Just like the Fold, the Razr has a second screen in front of 2.7 “with an aspect ratio of 4: 3. Here you can quickly see the time, read a notification, operate a media player or use the camera. For phones like this one, where the screen is on the inside, like with the Galaxy Fold, such a screen is actually necessary because for many people their smartphone is also their watch.

The Razr has made more impression than we expected. This is mainly because the concept is well developed. The phone feels sturdy, the screen is nice and without visible fold, and the phone ‘clicks nicely’. However, there is something to criticize about the concept itself and the idea of ​​the folding telephone has not stood the test of time in our opinion. The 22: 9 aspect ratio is nice for long pieces of text, but not always practical and the narrow screen makes typing not pleasant. In addition, the Snapdragon 710 is a bit meager for a phone in this price range, because if the Razr comes out soon in the US, it can pay 1500 dollars for it: less than what other foldable have to cost, but still a hefty amount of money.

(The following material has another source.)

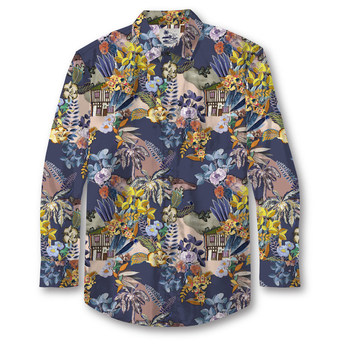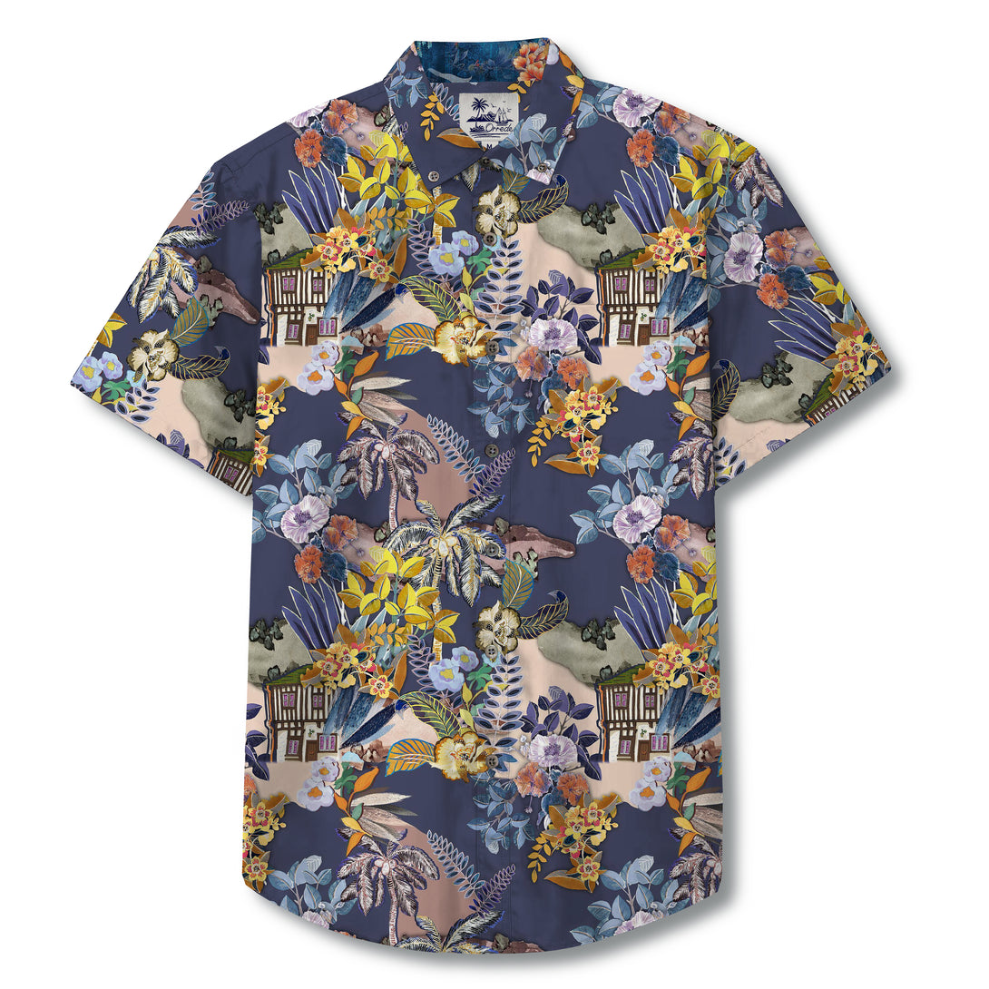 This design is a vibrant tapestry of tropical splendor, blending richly detailed florals with classic island architecture. Set against a deep navy background, the shirt bursts with layered imagery: cascading yellow orchids, soft violet blooms, and watercolor-style palm leaves. Interspersed are quaint wooden cottages, evoking a nostalgic island village nestled within lush gardens. The interplay of warm and cool tones—sunset yellows, coral oranges, dusty purples, and sage greens—creates a balanced, painterly effect. The design invites the wearer to escape into a secluded botanical paradise where nature and tradition coexist in harmony.

As is true for all folding telephones that we have seen so far: they are not yet highly recommended. The category is still too new for that, manufacturers are still too much looking for what works and what doesn’t, and too many teething problems still have to be overcome. However, it is interesting to see on which parts the different manufacturers manage to score points. At Motorola that is mainly in the hinge and the resulting image quality.

We doubt whether the folding telephone will ultimately become the form factor that will prevail with foldable telephones. We see more in the potential of reducing a tablet screen to telephone format than reducing a narrow telephone screen to a small square. We, therefore, hope that Motorola will venture into such a model because the Razr shows that it is good in the elaboration.